The decision, reached during a biannual meeting, involves the 12-member OPEC cartel, led by Saudi Arabia, and its 10 partners, spearheaded by Russia.
In a statement, the alliance confirmed the “extension of overall crude oil production levels… from January 1st, 2025, until December 31st, 2025.”
Furthermore, eight member countries – Saudi Arabia, Russia, Iraq, United Arab Emirates, Kuwait, Kazakhstan, Algeria, and Oman – opted to extend additional voluntary production cuts initially requested by Riyadh to further stabilize the market.
These cuts will be phased out over a period ranging from September to December 2025.
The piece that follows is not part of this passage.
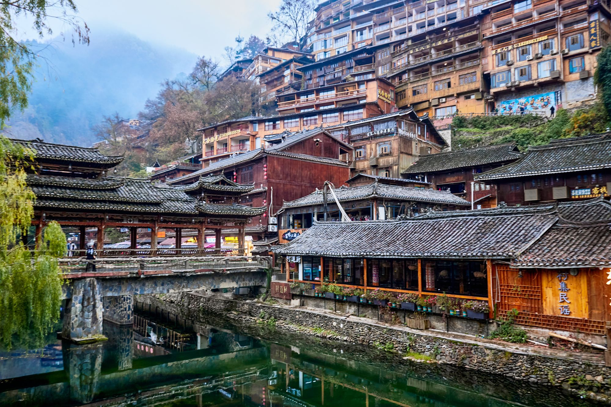 碧绿的白水河穿寨而过,造型古朴的桥、鳞次栉比的寨、层层叠叠的田,雾霭轻飘,一起营造出不属于尘世的世外桃源即时感。

The group-wide production cuts currently amount to roughly two million barrels per day (bpd). With the inclusion of the voluntary cuts, OPEC+ members are collectively slashing output by nearly six million bpd in an attempt to revitalize sluggish oil prices.
Positive Surprise and Uncertainty Abated
Analysts received Sunday’s announcements positively. “This is a welcome development,” said UBS analyst Giovanni Staunovo.
He elaborated to AFP that the decision “eliminates some potential future disagreements over quotas, as they’ll now be reviewed at the end of 2025 for 2026.”
Previously, negotiations regarding member country production quotas had been a frequent source of conflict, leading to heated debates and even departures.
Angola, for instance, exited OPEC in late 2023 due to disagreements over production cuts.
However, Mukesh Sahdev of Rystad Energy highlighted a lingering challenge: “actual barrels reaching the market may be higher than what’s reported,” potentially undermining OPEC’s strategy.
Indeed, Iraq, Kazakhstan, and Russia all exceeded their quotas in the first quarter, with Russia exceeding theirs again in April.
A Delicate Balancing Act
Given the uncertainty surrounding global demand, some analysts express concern about the difficulty of gradually reintroducing oil to the market without causing a price plunge.
Producers will likely need to devise a sophisticated system to skillfully reintroduce previously removed barrels without triggering a price collapse.
Oil prices have remained relatively stagnant since the last meeting in November, hovering around $80 per barrel.
While OPEC maintains its 2024 demand forecasts, the International Energy Agency has revised theirs downward.
“The environment is undeniably challenging,” stated Ipek Ozkardeskaya, a market analyst at Swissquote Bank.
“We’re facing a combination of above-average inflation, slowing global growth projections, central bank uncertainty, rising U.S. oil production, and ongoing Middle Eastern tensions.”